Fusion: An ML Approach for Multimedia Content

Published on Fri Aug 14 2020Kruttika Nadig

Some time ago, the Tattle team began exploring how the emerging area of 'multimodal machine learning' might help our work. Communication (including misinformation) on chat apps and social media spreads via multiple modalities like image, text, video. Many Indians are also multilingual. Consequently, "meaning” is communicated through combinations of modes and codes when Indians communicate on platforms such as Whatsapp, Sharechat, Facebook etc. This is amply clear in the content we collect from our various data streams.


Source: Tattle archive

Tattle's use case

Our need for ML is driven by the volume of data we collect (currently over 5k multimedia messages/posts/articles per day) which makes it impractical to perform tasks like content classification and archive moderation manually. Not only do we need to automate such tasks, we need to automate them regardless of the media type and language of the data.

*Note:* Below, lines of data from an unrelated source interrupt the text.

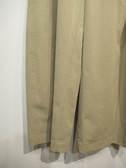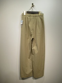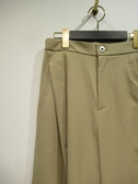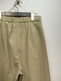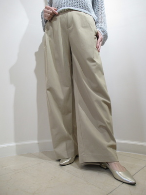 脇に近い部分のタックが入っている、太めのワイド、脇ポケットあり、裏地無し、前ファスナー、ウェスト後ろゴム、手洗い可能
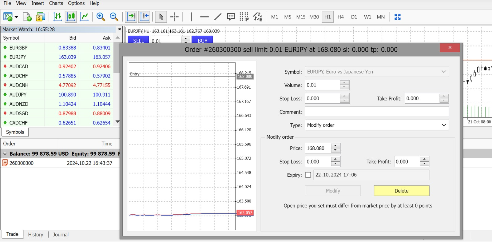 Nella scheda “Trade”, saranno elencati i tuoi ordini pendenti. Puoi fare clic con il pulsante destro sull’ordine che desideri modificare e selezionare “Modifica o Elimina”.
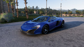 - 650S Spider登场于《极限竞速:地平线 4》和《极限竞速:地平线 5》;《地平线5》中,这辆车在静止状态下,可以按键盘上的G键开关车辆的敞篷。
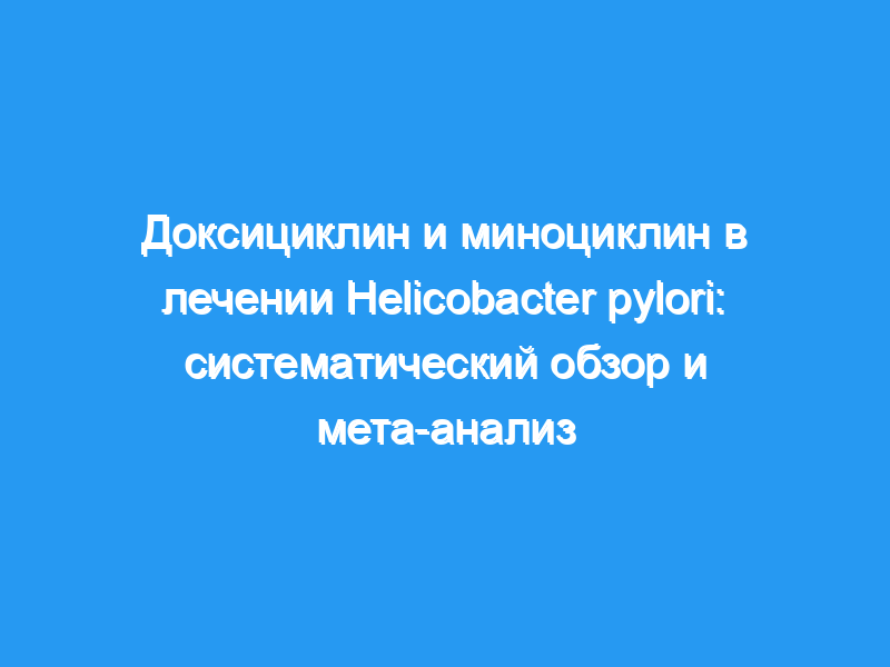 Предпосылки и цели: Снижение темпов эрадикации Helicobacter pylori и тенденция к росту устойчивости к антибиотикам вызывают большую озабоченность. Поэтому необходимы новые и эффективные методы лечения инфекции H. pylori. Мы провели систематический обзор и мета-анализ для оценки эффективности и безопасности полусинтетических тетрациклиновых схем лечения H. pylori.

Multimodal ML allows us to do this without separating the modalities in a message/post and losing "meaning" in the process. It combines Computer Vision and Natural Language Processing to "learn" patterns and semantic relationships in multimedia content. The process of combining machine-generated representations of images and text is called fusion.

A quick summary

Here is a top level view of a multimodal ML pipeline that uses fusion to classify images and text into categories. Tattle's pipeline closely resembles this structure -


Source: https://www.drivendata.co/blog/hateful-memes-benchmark/

In a nutshell, this is how it works:

Suppose we want to classify some multimedia content (eg. image overlaid with text like the Bill Gates post above). After extracting the text from the image*, the image and text go through separate pre-processing pipelines**. The pre-processed image is then passed through a neural network (vision module) and the pre-processed text is passed through another neural network (language module). The output 'features' of both modules are then concatenated (fused) together and passed through some final neural network layers, which generate a classification (category label).

In the case of our content relevance pipeline, this label is either 1 (potential misinformation) or 0 (not potential misinformation). This pipeline helps us improve the quality of the Tattle archive.

We are working on improvements to the model - if you'd like to contribute or view the code, please visit the GitHub repository for this project.

*Text extraction is done via Optical Character Recognition

**Multilinguality is handled during the text pre-processing stage. Our approach towards Indian language content will be covered in another blog post.